The circuit boards inside discarded obsolete electronics are what I use to create my sculptural artworks.
My art practice involves breaking down the pre-existing materials, reinterpreting them and offering them a new form with new purpose, creating something beautiful, whimsical and precious.
With all their tiny components, complex circuitry and bright metallic colours I cannot help but compare them to the detailed patterns we see when we look at nature up close. The network of veins and patterns on leaves, petals, insect wings; the stripes and spots on beetles and spiders and the fragile intricacy of spider webs. I view the miniature circuit boards with the same curiosity and amazement as I view the natural world.
The comparison came to me when I acquired a big box of tiny electronic components several years ago from the Beneficial Foundation in Portsmouth. Also known locally as 'The Craft Bank', this place gets unwanted items from various companies which it then passes on to anyone who can use them such as schools, community groups and art groups.
The first thing that came into my head when I looked at them was, "a mass of tiny bodies and legs...ants!" I took them home to my children and we made ants.
The box was put away and forgotten about until a few years ago when I decided to do a Fine Art degree and started to consider the use of the 'found object' in art.
As part of my degree I started to get involved with environmental art and during some workshops with the 'Transition Network' I met some young artists who where creating life-size robots with the circuit boards from computers. They abandoned their project, and I got to take home the circuit boards which I found so visually appealing.
Whilst watching a nature programme about bio-diversity, one eye on the box of circuit boards, one on the TV, and worrying about my looming major project, I was reminded of the ants in the cupboard and my Eureka moment arrived.
I proceeded to create a museum style entomologist's cabinet of dioramas, drawers and trays filled with pinned bugs and butterflies.

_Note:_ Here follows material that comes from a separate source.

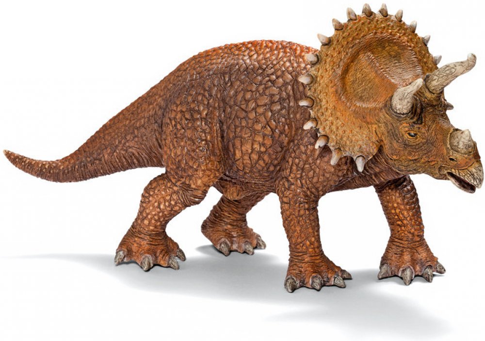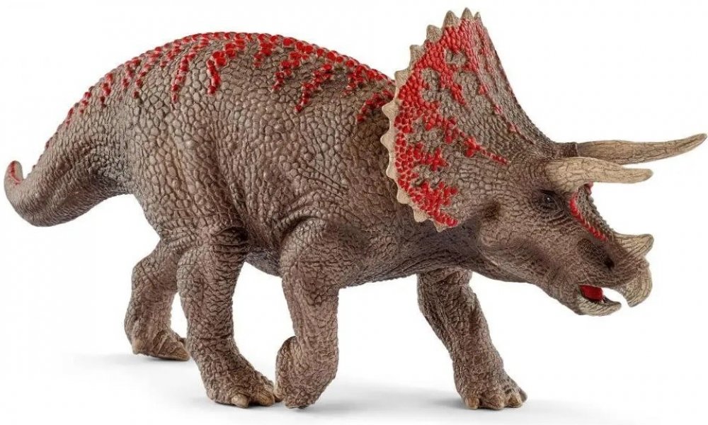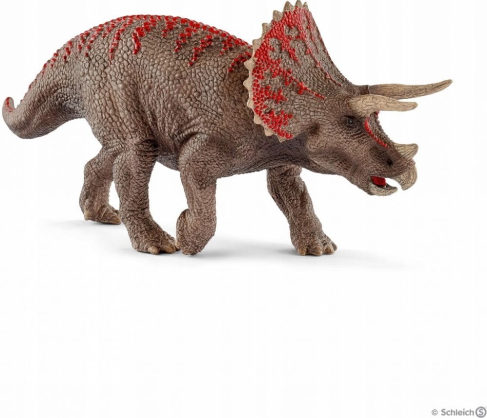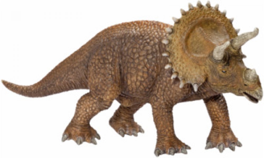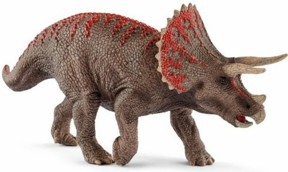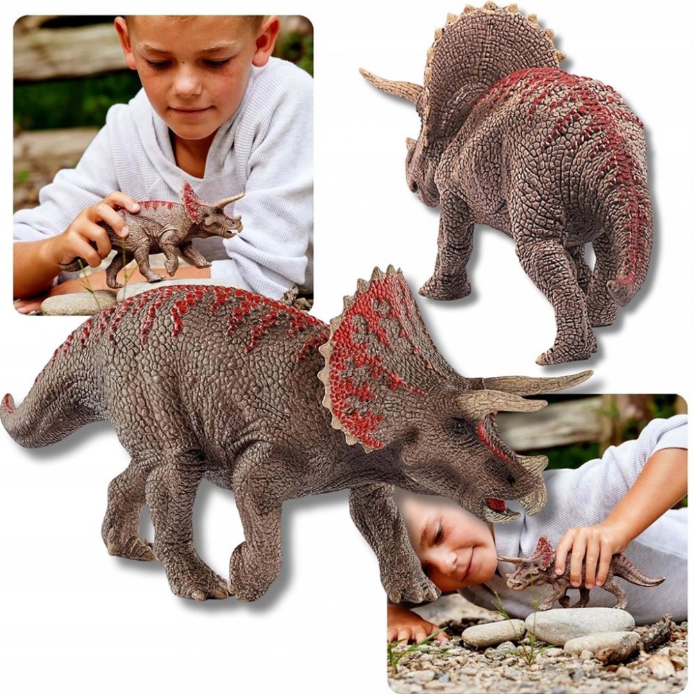 Jméno Triceratops znamená "tři rohy na hlavě". Ačkoliv Triceratops vypadal nebezpečně, krmil se výhradně rostlinami. Jako býložravec byl pronásledován Tyrannosaurusem Rexem. Přední část jeho čelisti byla formována jako zobák papouška, který se používá pro separaci rostlinné potravy. Triceratops měl tři rohy z keratinu, stejného proteinu, ze kterého jsou nehty a vlasy. Rohy nad jeho očima byly téměř metr dlouhé. Vzhledem k tomu, že jeho hlava vážila téměř jako malé auto a tvořila přibližně třetinu z jeho těla, měl také velmi těžký ocas, aby jeho deset metrů dlouhé tělo bylo v rovnováze. Nohy byly velmi silné, podobné nohám dnešních slonů. Figurka je vyrobena z kvalitního gumového materiálu, ručně malovaná.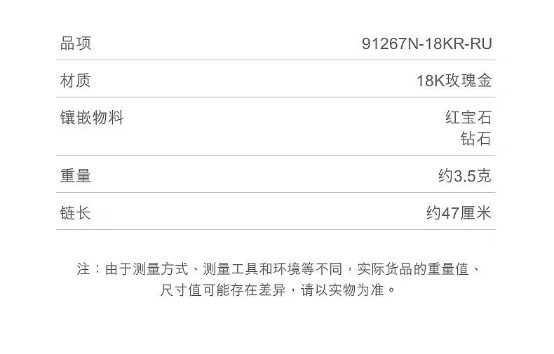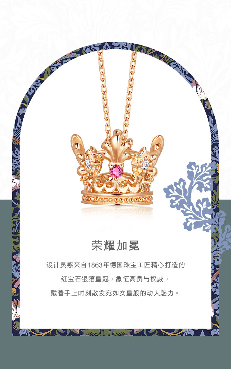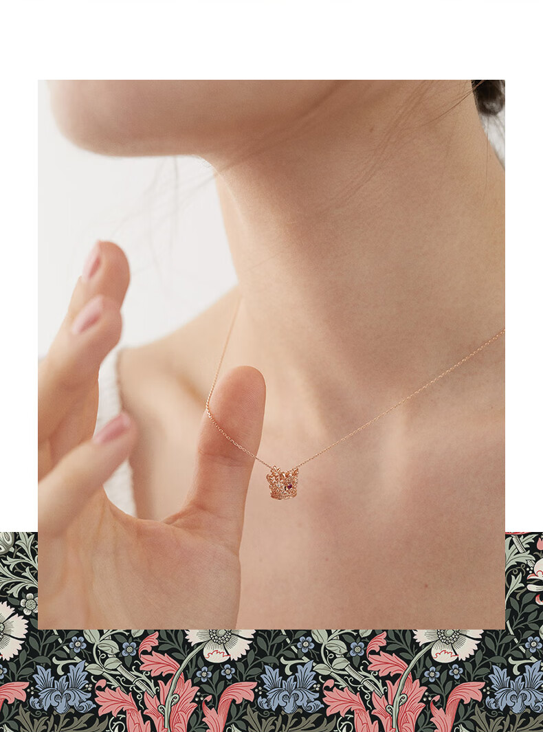 Chow Sang Sang (CHOW SANG SANG) k gold necklace V&A crown ruby rose gold color gold diamond necklace women's model 91267N 47 cm

The collection has continued to grow in size and complexity and is constantly evolving as new inspiration is triggered by new finds.
Many of the computers I take apart I literally find discarded on the street or in wasteland. I get phones and keyboards from The Craft Bank, I receive various unwanted electronics from friends and organisations who support my work and I'm always on the look out for more donations of vintage technologies.
My 'Computer Component Bugs' collection has been in several solo exhibitions and group shows and my hope is to soon find a permanent home for them possibly in a natural history museum.
My collection highlights the dangers of planned obsolescence and the ever-increasing amounts of e-waste in the environment. This is perpetuated by advances in technologies and our ever growing dependence on modern gadgets.
My artworks also hold a great deal of hope.
They are my personal tribute to the wonders of modern technologies, the decades of knowledge and passion passed down which led us to them, with all their elegance and ingenuity encompassing the incredible technological aptitude and the imagination, talent and beautiful creativity of the human race.